(TASK DETAILS):
Where a line of the records contains the word "major", show that line.

(DATA)

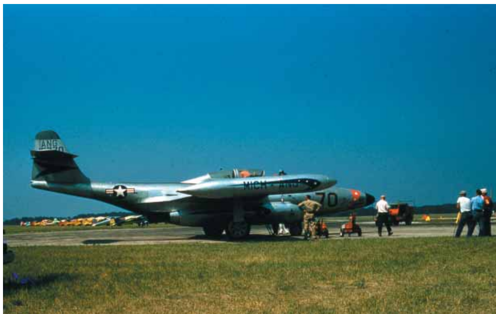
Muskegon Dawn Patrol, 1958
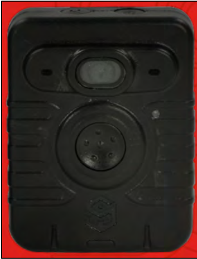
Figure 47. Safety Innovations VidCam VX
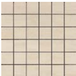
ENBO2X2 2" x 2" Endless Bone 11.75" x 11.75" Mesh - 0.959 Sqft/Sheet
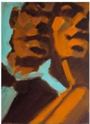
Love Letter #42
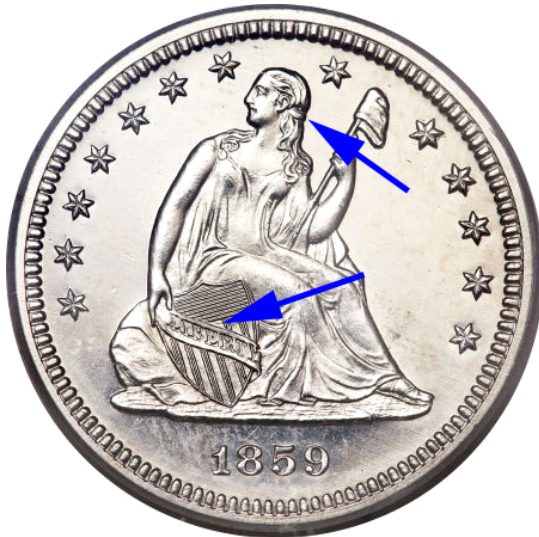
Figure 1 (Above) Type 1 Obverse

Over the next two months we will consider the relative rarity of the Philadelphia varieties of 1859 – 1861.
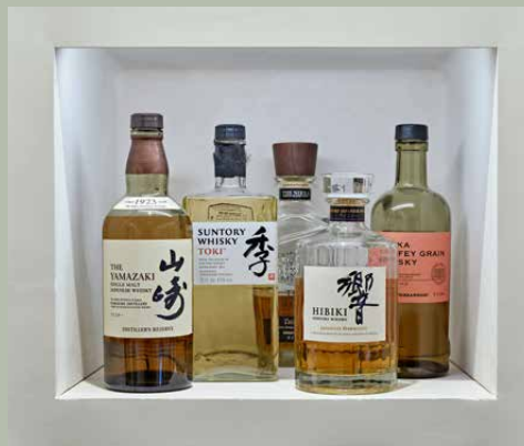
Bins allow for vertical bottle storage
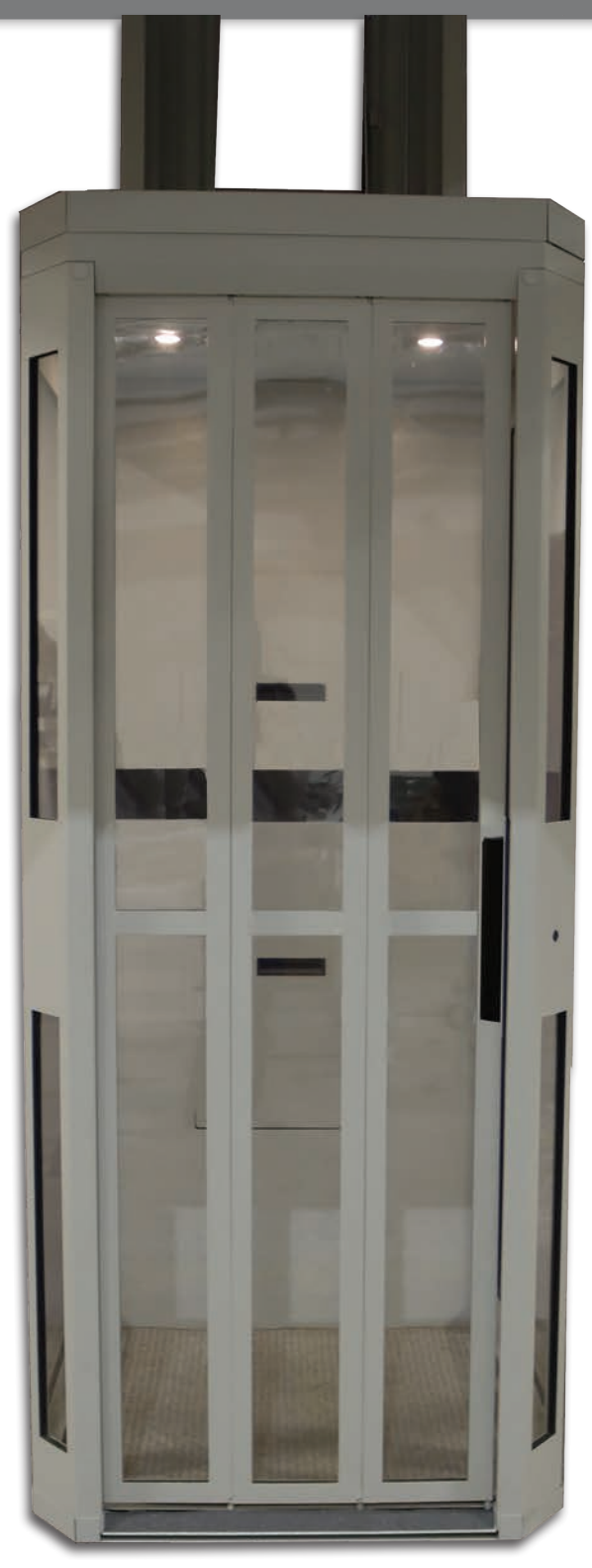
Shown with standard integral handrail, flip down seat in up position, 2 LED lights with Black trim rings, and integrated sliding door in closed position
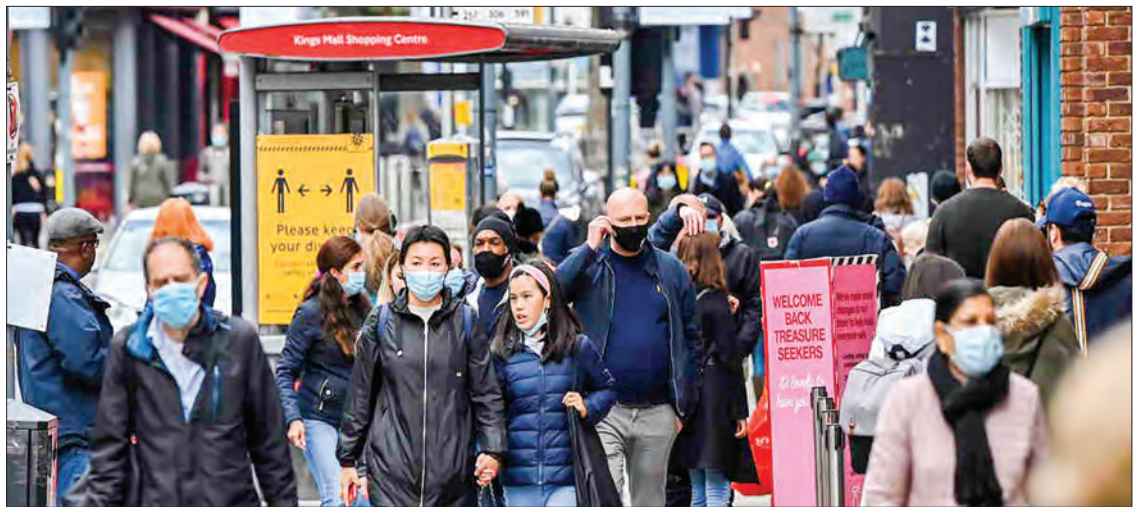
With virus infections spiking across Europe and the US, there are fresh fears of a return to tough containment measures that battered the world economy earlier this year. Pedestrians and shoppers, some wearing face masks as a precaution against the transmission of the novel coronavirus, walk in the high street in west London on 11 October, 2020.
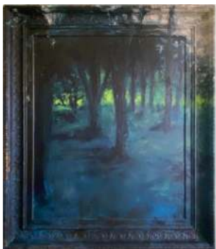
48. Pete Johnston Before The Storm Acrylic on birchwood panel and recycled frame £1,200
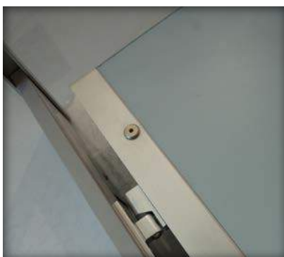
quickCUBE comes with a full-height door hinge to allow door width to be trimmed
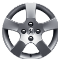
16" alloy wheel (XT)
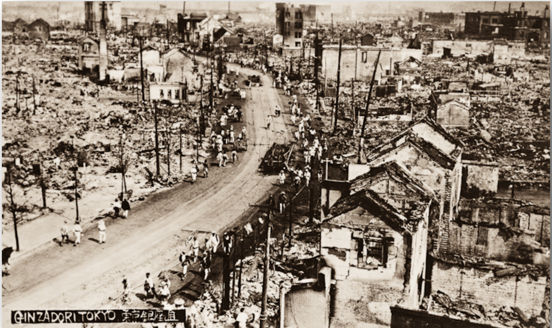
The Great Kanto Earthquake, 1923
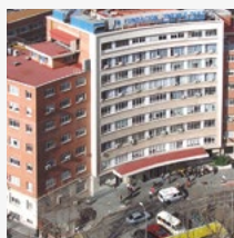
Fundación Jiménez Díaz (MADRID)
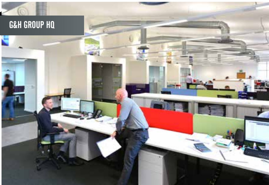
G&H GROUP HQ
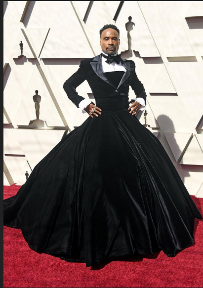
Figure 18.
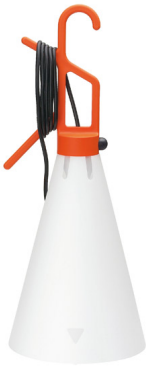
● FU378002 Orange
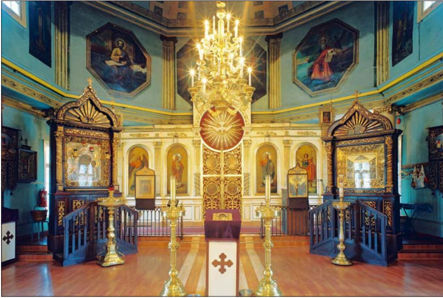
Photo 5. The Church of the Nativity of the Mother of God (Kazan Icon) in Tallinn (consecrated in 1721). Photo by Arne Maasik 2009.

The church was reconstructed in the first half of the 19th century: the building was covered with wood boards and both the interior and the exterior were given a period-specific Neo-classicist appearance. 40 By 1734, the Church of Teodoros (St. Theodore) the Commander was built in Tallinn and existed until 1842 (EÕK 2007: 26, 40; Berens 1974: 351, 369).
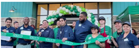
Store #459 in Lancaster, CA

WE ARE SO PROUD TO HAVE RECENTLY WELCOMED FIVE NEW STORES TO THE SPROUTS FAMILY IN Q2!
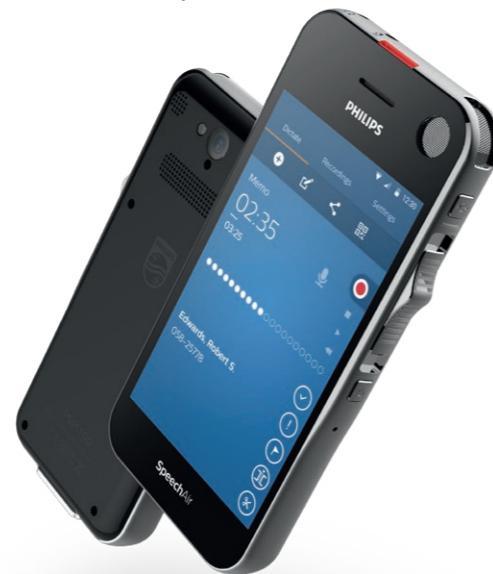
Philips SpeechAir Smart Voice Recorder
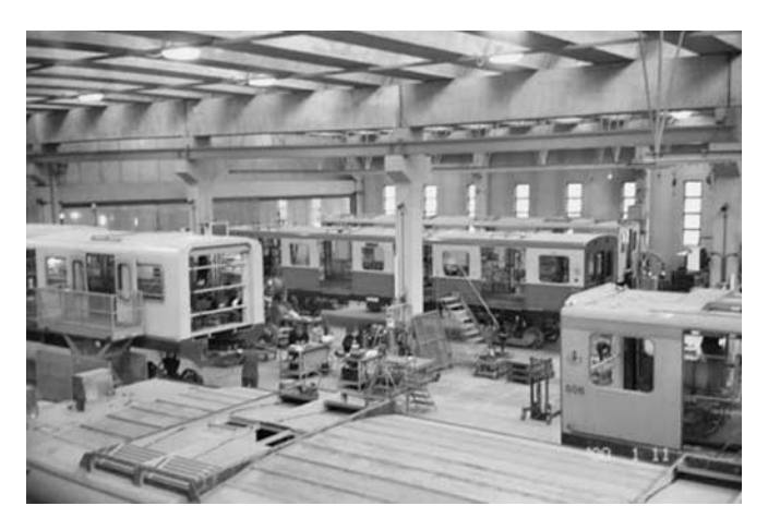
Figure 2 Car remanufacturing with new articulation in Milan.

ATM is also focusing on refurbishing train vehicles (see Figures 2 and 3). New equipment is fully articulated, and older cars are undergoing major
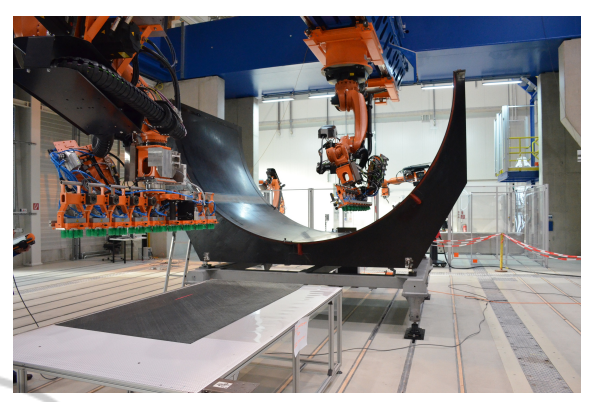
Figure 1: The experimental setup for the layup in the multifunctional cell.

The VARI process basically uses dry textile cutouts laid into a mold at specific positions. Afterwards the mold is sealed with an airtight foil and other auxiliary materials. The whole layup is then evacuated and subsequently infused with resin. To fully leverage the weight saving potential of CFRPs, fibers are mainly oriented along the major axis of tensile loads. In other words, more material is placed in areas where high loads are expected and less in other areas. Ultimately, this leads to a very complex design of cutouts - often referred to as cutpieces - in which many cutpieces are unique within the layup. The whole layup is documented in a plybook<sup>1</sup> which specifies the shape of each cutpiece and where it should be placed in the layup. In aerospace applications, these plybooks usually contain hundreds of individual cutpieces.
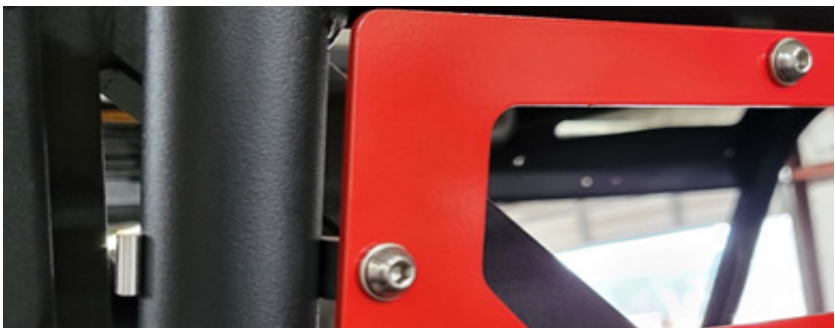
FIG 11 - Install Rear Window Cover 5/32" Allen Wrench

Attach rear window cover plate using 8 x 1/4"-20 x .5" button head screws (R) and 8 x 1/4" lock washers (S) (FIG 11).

(End DATA)

(SOLUTION TO THE EXERCISE):
ATM is also focusing on refurbishing train vehicles (see Figures 2 and 3). New equipment is fully articulated, and older cars are undergoing major
The VARI process basically uses dry textile cutouts laid into a mold at specific positions. Afterwards the mold is sealed with an airtight foil and other auxiliary materials. The whole layup is then evacuated and subsequently infused with resin. To fully leverage the weight saving potential of CFRPs, fibers are mainly oriented along the major axis of tensile loads. In other words, more material is placed in areas where high loads are expected and less in other areas. Ultimately, this leads to a very complex design of cutouts - often referred to as cutpieces - in which many cutpieces are unique within the layup. The whole layup is documented in a plybook<sup>1</sup> which specifies the shape of each cutpiece and where it should be placed in the layup. In aerospace applications, these plybooks usually contain hundreds of individual cutpieces.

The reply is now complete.